Adam Bress, PharmD, MS: Sure. There are only a few health care interventions that I would label as public health best buys. I mentioned generic statins. I mentioned treating hypertension. The recent analysis around icosapent ethyl in high-risk patients puts it in that category as a public health best buy, and we should be considering how to best implement these data to reduce cardiovascular disease risk to the greatest extent to the largest population.

Deepak L. Bhatt, MD, MPH: Really good thoughts. Let me turn to Dr Budoff.

Matthew J. Budoff, MD: Going from cost-effectiveness toward clinical effectiveness or event reduction, icosapent ethyl ends up giving us the biggest bang for our buck as far as event reduction. We’ve seen 25% to 30%-plus event reductions by adding icosapent ethyl to statins. Although we don’t see head-to-head studies, we see a significantly larger number than what we’ve seen from other therapies, like ezetimibe or PCSK9s.

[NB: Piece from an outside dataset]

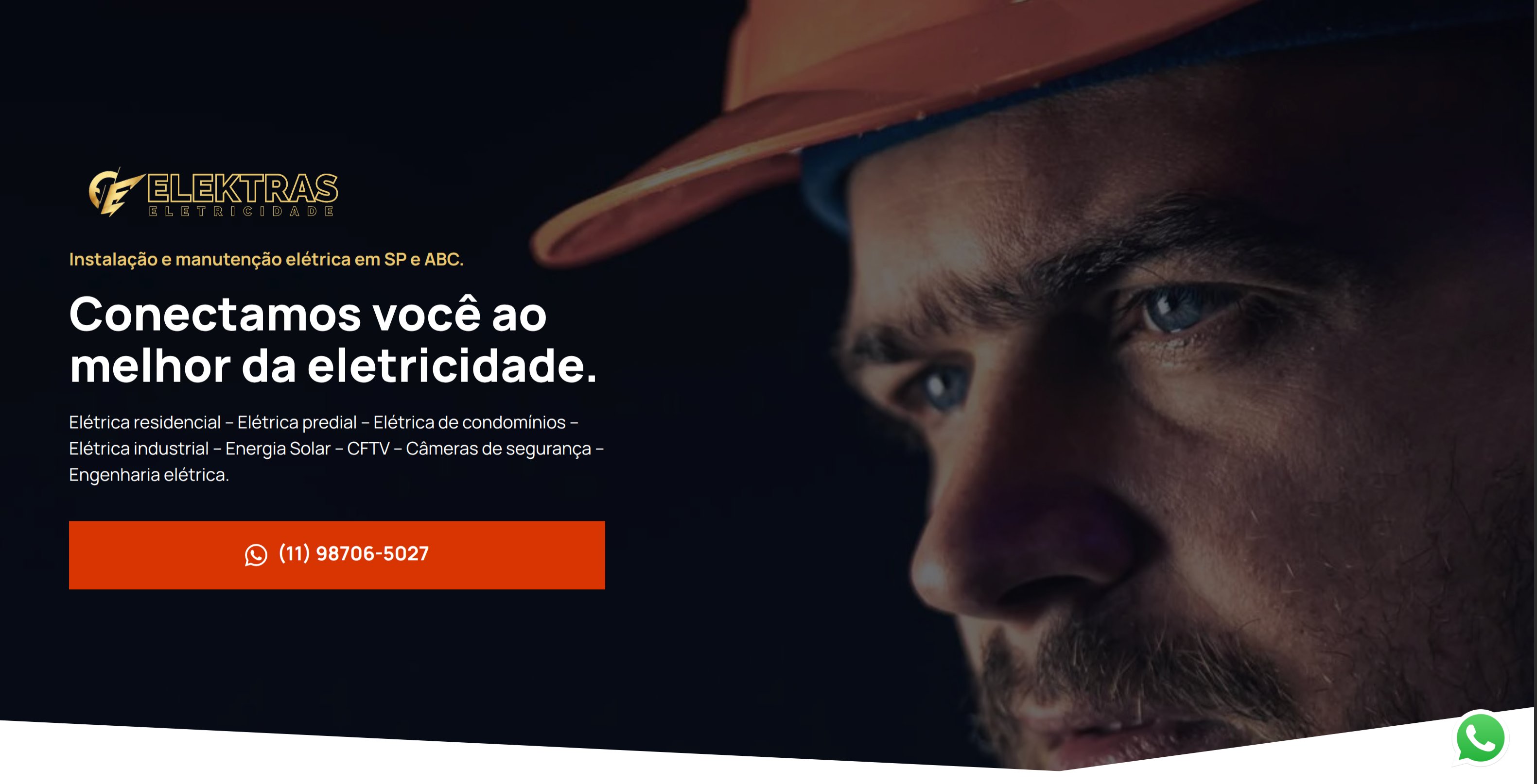 Site profissional e sofisticado para empresa de serviços elétricos em SP e ABC, com design dark moderno, destacando ampla gama de serviços desde instalações residenciais até energia solar e engenharia elétrica.

Even the diabetes agents—SGLT2s or GLP1s—have not achieved that event reduction. That incremental benefit in the right patients, such as the patients with high triglycerides, will be very beneficial.

Deepak L. Bhatt, MD, MPH: Terrific. Eric Cannon?

Eric Cannon, PharmD, FAMCP: Thank you. This conversation has been amazing, and it’s highlighted many of the advances we’ve had in this area. Ultimately, though, we need to find these patients. Having appropriate strategies to identify the patients who can benefit from these therapies is really incumbent on all of us. As we look at our clients and those employer groups that we take care of, how do we, within their population, identify those patients who may not be looking to go to the doctor but are at high risk and could definitely benefit from these therapies? This is 1 of those things that we’re really focused on, and it’s a huge opportunity for us going forward because we now have a lot of treatments that will benefit our patients.

Deepak L. Bhatt, MD, MPH: Great. Dr Navar?

Ann Marie Navar, MD, PhD: I’ll just piggyback on the last comment around finding the patient. If we look at PCSK9 inhibitors, we did a lot of work showing high rates of rejection by payers and high rates of abandonment due to co-pay. But even if every patient who had been prescribed a PCSK9 inhibitor was able to get on it, we would have been treating only about 1% to 2% of eligible patients in the United States. The reality is that a lot of the burden still rests on us, the providers, to identify and prescribe the right treatments for the right patients.

We still don’t have every eligible patient on a statin or on appropriate antiplatelet medication. There are a lot of therapies in secondary prevention that we have yet to reach the full value of because we’re not getting them to the patients who need them. We need to do a better job of shortening the time between when a new therapy is made available to us and when we have the majority of our patients on that treatment.

Given the remarkable cost-effectiveness if not cost savings of icosapent ethyl, we really have no excuse to not be treating all our eligible patients with this therapy, or at least giving them the opportunity to make a decision for themselves about whether or not they want the treatment. It shouldn’t be because we’re not prescribing it or not recommending it for our patients.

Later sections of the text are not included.